- Born: Evelyn Mae Ward May 21, 1923 West Orange, New Jersey, U.S.
- Died: December 23, 2012 (aged 89) Los Angeles, California, U.S.
- Occupation: Actress
- Years active: 1949–1965
- Spouses: ; Jack Cassidy ​ ​(m. 1948; div. 1956)​ ; Elliot Silverstein ​ ​(m. 1962; div. 1968)​ ; Alton Charles (Al) Williams ​ ​(died 2005)​
- Children: David Cassidy
- Relatives: Katie Cassidy (granddaughter); Beau Cassidy (grandson);

= Evelyn Ward =

American actress (1923–2012)

Evelyn Mae Ward (May 21, 1923 – December 23, 2012) was an American actress and dancer known for her stage musical performances and television appearances. Her son was the actor-singer David Cassidy.

==Background==
Ward was born and raised in West Orange, New Jersey, the daughter of Frederick and Ethel Laurinda (née Wheeler) Ward. Her ancestors were among the founders of Newark, New Jersey.

==Career==
Ward began her performing career as a teenager dancing with the Roxyettes at the Roxy Theater. After understudying Mary Martin in the musical Dancing in the Streets, which closed "out of town" in the spring of 1943, Ward made her Broadway debut that summer in the musical Early to Bed. Her subsequent Broadway musical credits include The Firebrand of Florence (1945), Spring in Brazil (1945), Billion Dollar Baby (1946), and Along Fifth Avenue (1949).

Her subsequent theatrical credits were mostly in regional theater, but she did return to the Broadway musical stage in the spring of 1958, replacing Gwen Verdon in the lead role in New Girl in Town. In 1967, Ward appeared in the play And So to Bed at the LA Theater Center and her son David Cassidy also was featured in the cast. In 1996, she left retirement to co-star in Such a Pretty Face.

She also performed in nightclubs in New York City and Boston, and in 1954 performed in a Las Vegas revue.
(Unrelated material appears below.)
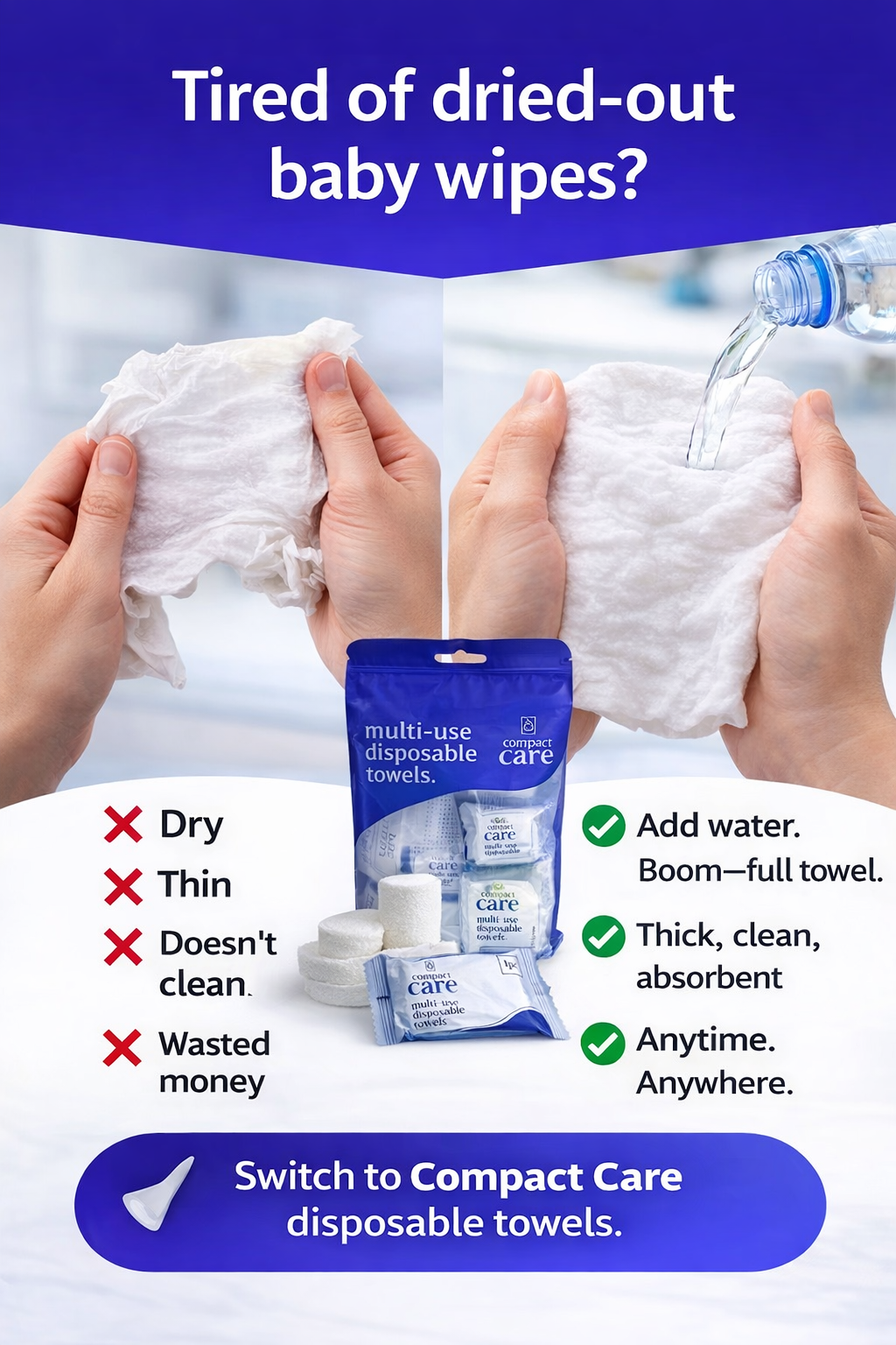Disposable hygiene essentials trusted by travelers, caregivers, and outdoor users for fast cleanup, no shower required.

In 1949, Ward was a regular on the CBS game show Hold It Please, and in 1950–1951, she was a regular on the ABC variety series The College Bowl (also known as The Chico Marx Show). Her other television credits include The Man from U.N.C.L.E., Ben Casey, Dr. Kildare, Perry Mason, Mike Hammer, The Further Adventures of Ellery Queen, and Hallmark Hall of Fame.

==Personal life==
Ward married actor Jack Cassidy on June 28, 1948: the couple had met in 1945 while appearing in the Broadway musical The Firebrand of Florence. Ward and Cassidy had one son, David Bruce Cassidy, born on April 12, 1950. The family resided in Ward's native West Orange. The marriage of Jack Cassidy and Evelyn Ward ended in a Mexican divorce in July 1956.

In August 1956, Cassidy married actress Shirley Jones, with whom he had been romantically involved since the previous summer. According to Jones, Cassidy and Ward had been separated twice and then got back together prior to her meeting Cassidy, and their marriage had remained rocky.

After her divorce from Cassidy, Ward and David resided with Ward's parents in West Orange until 1961, when Ward married film director Elliot Silverstein.

Ward had known Silverstein for several years, as she had acted in Boston-area stage productions directed by Silverstein in 1955 and 1957. Ward and Silverstein divorced in 1968. Later, Ward married Al Williams, who died in 2005.

Ward is sometimes mistaken for the onetime wife of film director Norman Z. McLeod. However, the latter, Evelyn "Bunny" Ward, would have to have been a considerably older woman, given the fact that she was already a popular figure amongst Kansas City's upper crust at the outset of her nearly 4-decade-long 1926 marriage (McLeod died in 1964), and, in 1931, even had the opportunity—albeit only briefly and without credit—to portray the wife of the character played by football legend Jim Thorpe, likewise uncredited, in her husband's 1931 film, Touchdown.

==Death==
Ward died on December 23, 2012, from complications from dementia. She was survived by her son, David (who died of liver failure on November 21, 2017), and two grandchildren, Katie Cassidy and Beau Cassidy.